3 Reading files

3.1 DataVolley

filename <- "c:/my/filename.dvw"
x <- dv_read(filename)

The dv_read function has a number of optional parameters. The most important are probably:

  • insert_technical_timeouts. By default, technical timeouts will be inserted at points 8 and 16 of sets 1–4 (for indoor files) or when the team scores sum to 21 in sets 1–2 (beach). You can avoid inserting technical timeouts by setting this to FALSE, or change the scores at which TTs are inserted (see dv_read function help)

  • skill_evaluation_decode. By default, dv_read uses the standard DataVolley scouting conventions. This controls the interpretation of the evaluation codes (e.g. B/ is a block invasion (net touch or other violation)). However, not all scouts use these conventions. VolleyMetrics, for example, use B/ to mean a poor block that the opposition can replay (amongst other convention differences). In Germany, B/ is usually used to indicate a block tool (attack off the block for a kill) and B= is used to indicate an invasion. You can tell the dv_read function to follow these conventions by dv_read(..., skill_evaluation_decode = "volleymetrics") or dv_read(..., skill_evaluation_decode = "german"). If your files use other scouting conventions, you can write your own decoder (see dv_read function help)

  • date_format. Dates can be ambiguous in DataVolley files, and sometimes they will be parsed incorrectly (e.g. swapping month and day). If the dates in your files are being read incorrectly you can set the expected format, e.g. dv_read(..., date_format = "dmy") or dv_read(..., date_format = "mdy").

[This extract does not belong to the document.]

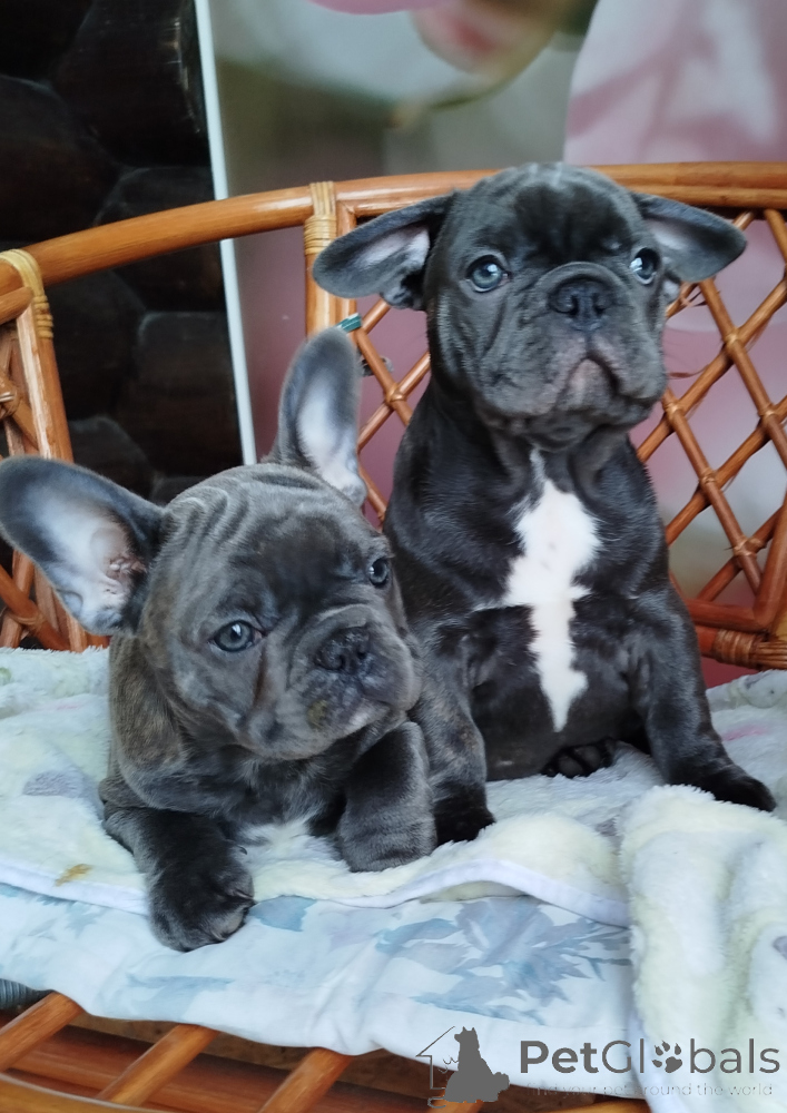 Красивые малыши французский бульдог в голубом окрасе мальчики. Д.Р.19.10.25.Папа чемпион Белоруссии.Малыши имеют хорошие породные данные, богатую генетику окрасов.Щенки вакцинированы и осмотрены , ветпаспорт, родословная у родителей.Ласковые, игривые, любознательные малыши растут в любви и ласки.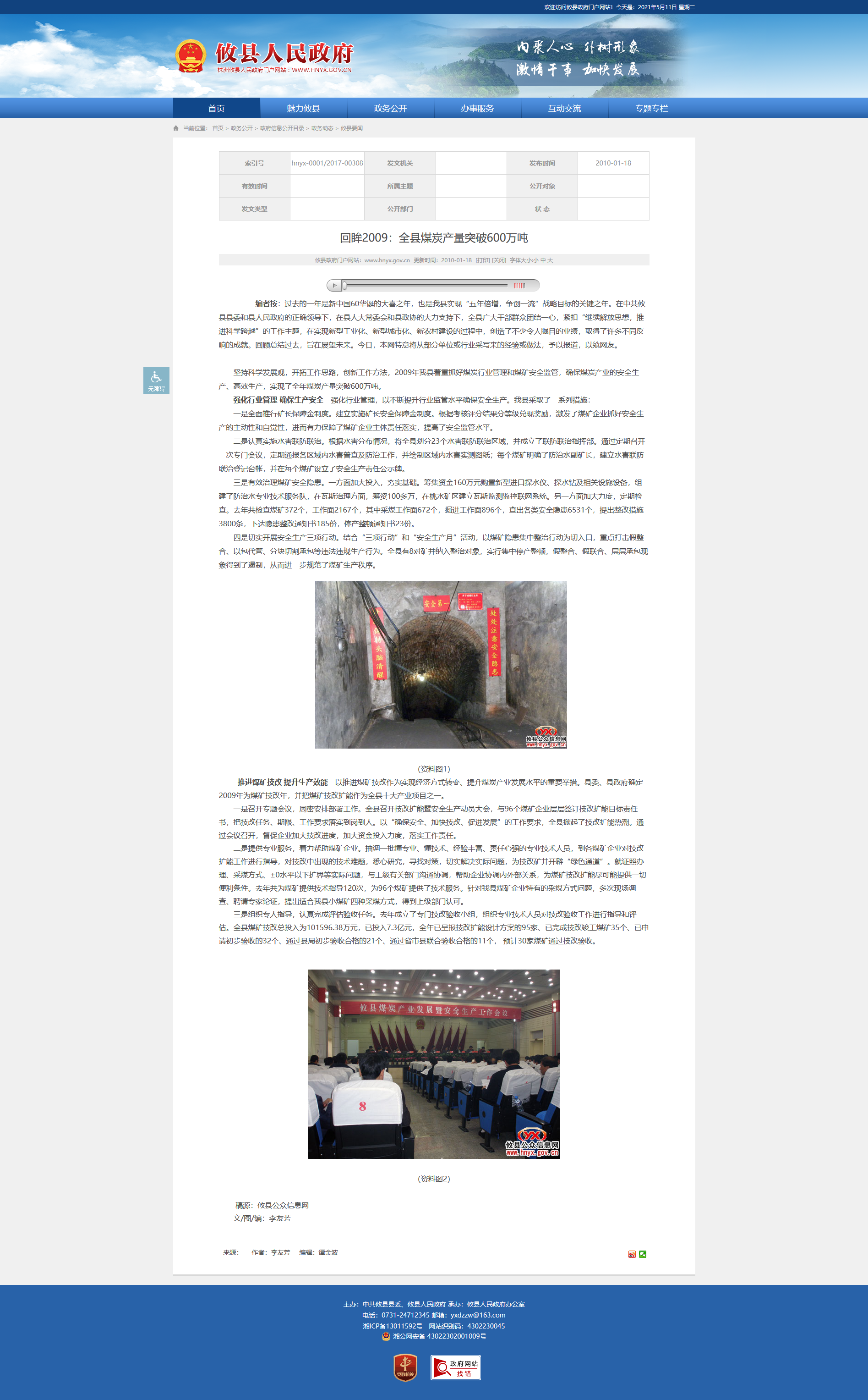 坚持科学发展观,开拓工作思路,创新工作方法,2009年我县着重抓好煤炭行业管理和煤矿安全监管,确保煤炭产业的安全生产、高效生产,实现了全年煤炭产量突破600万吨。

  • encoding specifies the text encoding of the file. By default this will be guessed, but if the text encoding is guessed incorrectly then player/team names might appear garbled (e.g. accented characters wrong) and in extreme cases the file might refuse to read altogether. You can get an idea of what is going on with text encoding by asking for verbose output: dv_read(..., verbose = TRUE). You can set the text encoding by e.g. dv_read(..., encoding = "windows-1252")

3.2 VBStats

x <- pv_read("c:/my/filename.psvb")

3.3 Reading multiple files

You might want to read multiple files in and analyze them all together. First find all of the DataVolley files in the target directory:

d <- dir("c:/data", pattern = "dvw$", full.names = TRUE)
## if your files are in nested directories, add 'recursive = TRUE' to the arguments

Read all of those files in a loop, extract the play-by-play component from each, and then join of those all together:

lx <- list()
## read each file
for (fi in seq_along(d)) lx[[fi]] <- dv_read(d[fi], insert_technical_timeouts = FALSE)
## now extract the play-by-play component from each and bind them together
px <- list()
for (fi in seq_along(lx)) px[[fi]] <- plays(lx)
px <- do.call(rbind, px)

Note, the idiomatic R way to do this would be to use lapply instead of for loops:

lx <- lapply(d, dv_read, insert_technical_timeouts = FALSE)
px <- do.call(rbind, lapply(lx, plays))

It achieves the same thing. Use whichever you prefer. Similarly, you could also use dplyr’s bind_rows function instead of do.call(rbind, ...):

px <- bind_rows(lapply(lx, plays))

After these operations, we have lx, which is a list containing the full contents of every match file (including the match and team metadata), and px, which is just the play-by-play component of each (but all joined together, which makes it easy to analyze multiple matches at once).